Obviously, quiet – and even loud – protests would continue to be ignored. If people wanted to get out from under this obscene law, they would have to act. And there was no better time to do so; the public was still riled up from the Anniversary of the Dark Lord's death, those who didn't fight still felt the guilt from that lack of participation. If the right figurehead came along to unite them, someone clever and bold and tenacious and charismatic, then it would not take much to convince them to rise against the Ministry. As a Slytherin, Severus instinctively shied away from such overt, drastic action, but it seemed to be the only solution. Such was the corner they had been backed into.
As a former Death Eater (he hated the word 'reformed', like he was a common criminal rather than a powerful Dark Wizard) it was dangerous to involve himself with any anti-establishment gang, but not so much with particular, individual people. For example, Harry Potter, who might be a dissident, but was a War Hero dissident in a way Severus simply could not be. Which was what found him at his house in Godric's Hollow, easily bypassing the wards to knock on the door.
It was opened by a mussed and irritated looking Ginny Potter, whose confrontational face melted into pale horror when she recognised him. He wouldn't deny enjoying that, not to himself. "Mrs. Potter," Severus drawled – drawled because it allowed him to control the reflexive gag he'd always had on the passing of that accursed title through his lips.
"P-Professor Snape," she stuttered out in shock. "What – what are you doing here?"
He let one eyebrow rise smoothly, and she gulped. "I was hoping to speak to Potter," he drawled, glancing behind her. "Is he in?"
Recovering, she frowned. "He is. You know, Snape, common courtesy is to call first."

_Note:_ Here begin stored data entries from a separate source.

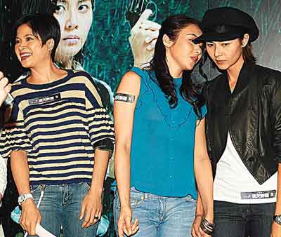 鄭伊健新舊戀人蒙嘉慧和邵美琪昨日公開碰頭,蒙嘉慧突然與黎姿姊妹情深,手拖手耳語,但亦難掩尷尬神色。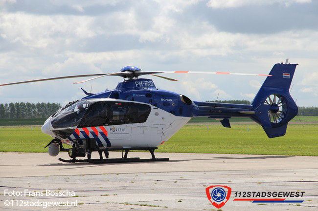 Middelburg - 12-05-2012 De politieheli PH-PXD die was ingezet voor de uitreiking van de for freedom award 2012 landt op vliegveld Midden Zeeland ...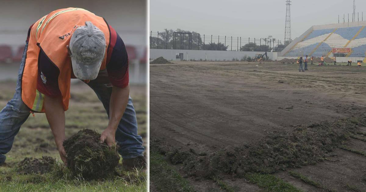 Ya están trabajando en el cambio de la grama del coloso sampedrano.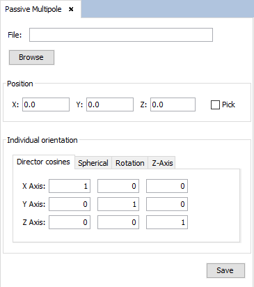 In this panel, the user needs to select the SUJ file that contains the multipole definition. Unlike the previous antenna types, it is not possible to create arrays of passive multipole antennas.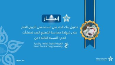 بنك الدم في مستشفى الجبيل العام يحصل على شهادة ممارسة التصنيع الجيد لمنشآت الدم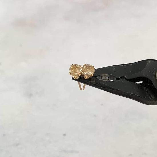A very dainty pair of stud earrings, featuring beautiful little Golden Rutile Quartz gemstones within 925 Sterling Silver or Gold Filled settings. Pretty, dainty and delicate, and so easy to wear as a favourite everyday pair. These stones are crystal clear, with the intriguing little golden hair-like inclusions for which this unusual gemstone is treasured.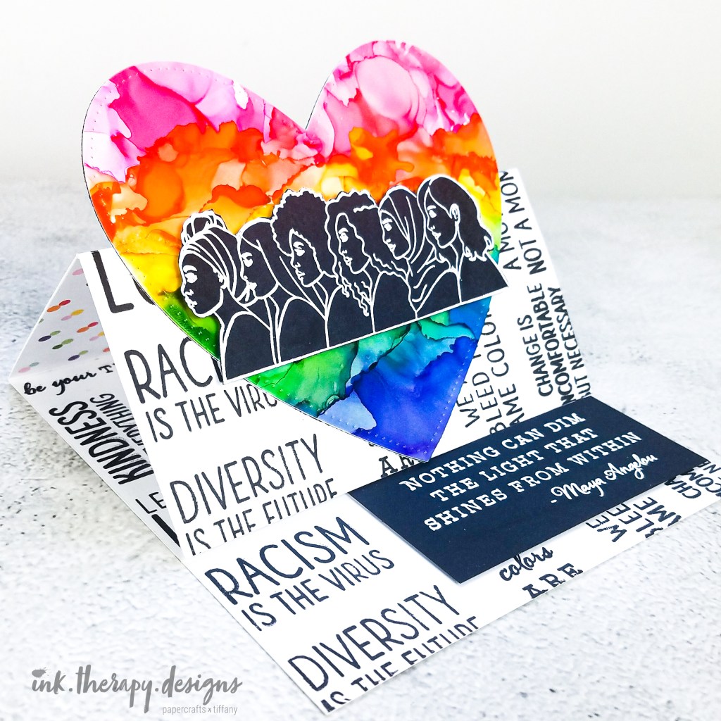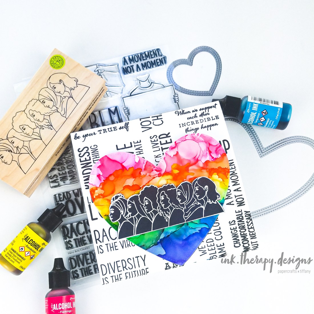 Focal image and sentiment. I decided to white heat emboss Hero Arts, American Women on black cardstock. After heat embossing, I fussy cut the image. I adhered the image on top of the alcohol ink heart with foam tape for dimension. On the inside of the card, I adhered a sentiment with thin foam tape to act as my stopper. The sentiment is from the Hero Arts, Empowerment stamp set and again, I white heat embossed it on black cardstock. And that’s all there was to it! I hope to send this to a friend to remind her that she is beautiful and to never let anyone make her feel less than enough.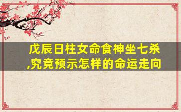 在八字命理中,日柱为戊辰且女命食神坐七杀(即日支辰中藏干戊土为比肩、乙木为正官、癸水为正财,但若视为食神与七杀的关系,需结合具体排盘)的配置,通常体现以下命运特征:
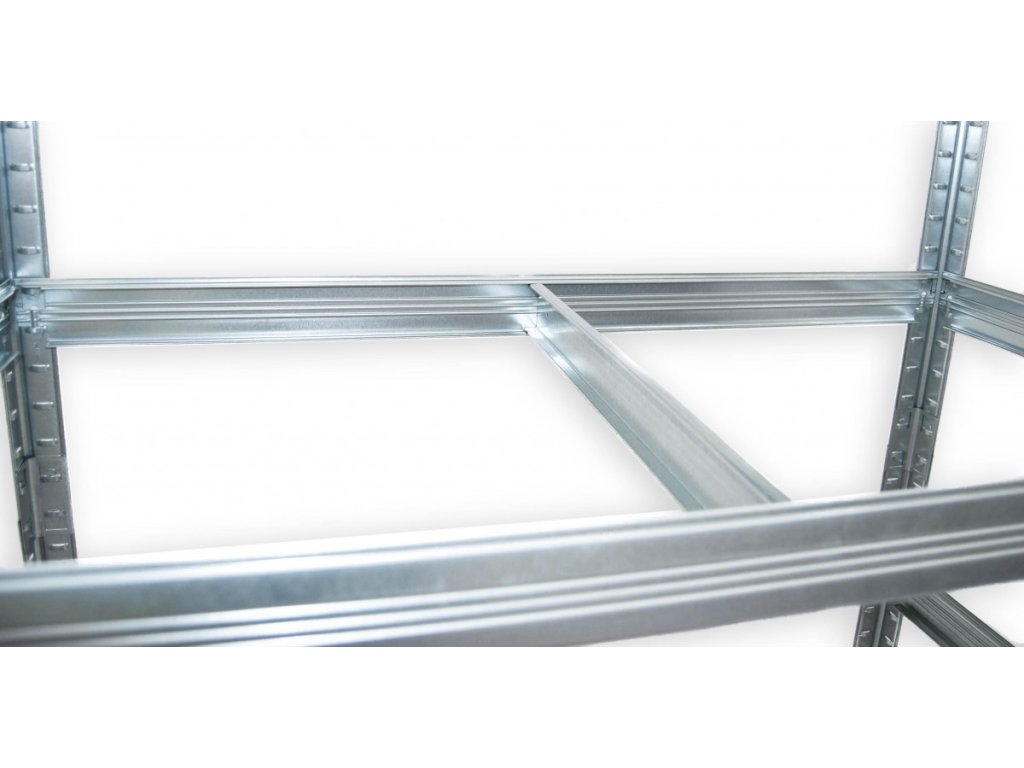 Kovové regály - kovová konštrukcia, police biela laminovaná drevotrieska 12 mm, ohranená ABS hranou zo všetkých strán. Police regálu preto sú odolnejšie proti vlhkosti. Údržbu regálov môžete robiť vlhkou handrou, ale nezabudnite na konci utrieť police do sucha . Regály sa jednoducho a rýchlo montujú, nosníky nasadíte do stojin a klepnutím dorazíte diely na doraz. Tento regálový systém je veľmi stabilný - žiadne skrutky! Regály sú vhodné do suchej pivnice, na pôdy, do skladov, do predajni, do dielne, do archívov

"Even for 'old family friends'?" Severus drawled with considerable condescension, deliberately using the phrase Potter himself had used to describe him in an interview with the Prophet; a more ridiculous euphemism Severus had never heard, considering his less than stellar relationship with the lad's father. Mrs. Potter winced visibly, leaving Severus to restrain a grin. "Come, Mrs. Potter. Is the lad in?"
She scowled, but pulled the door open and stepped aside. He ducked under the unnecessarily low frame and stepped into a homely hall, decorated tastefully with a cream wallpaper and darker brown carpet. Mrs. Potter flipped her hair as she closed the door. "You've got good timing, Snape, I'll give you that," she snapped darkly, sashaying her way down the hall. "He's just got back from work for lunch. You can talk while he eats. Harry?"
They emerged into a well-lit kitchen where Potter was seated at the end of a bench table, the contents of a sandwich scattered about as he put it together. Some left over beef, no doubt from a roast over the weekend, horseradish, some lettuce and tomatoes. He sliced each with considerably more deftness than he'd ever demonstrated in Severus's lessons, nimbly compiling his meal. "Yeah, Gin?" he mumbled, focused entirely on his task. Severus had to restrain himself from rolling his eyes – Potter had always had the peculiar habit of being entirely too obsessed with his food.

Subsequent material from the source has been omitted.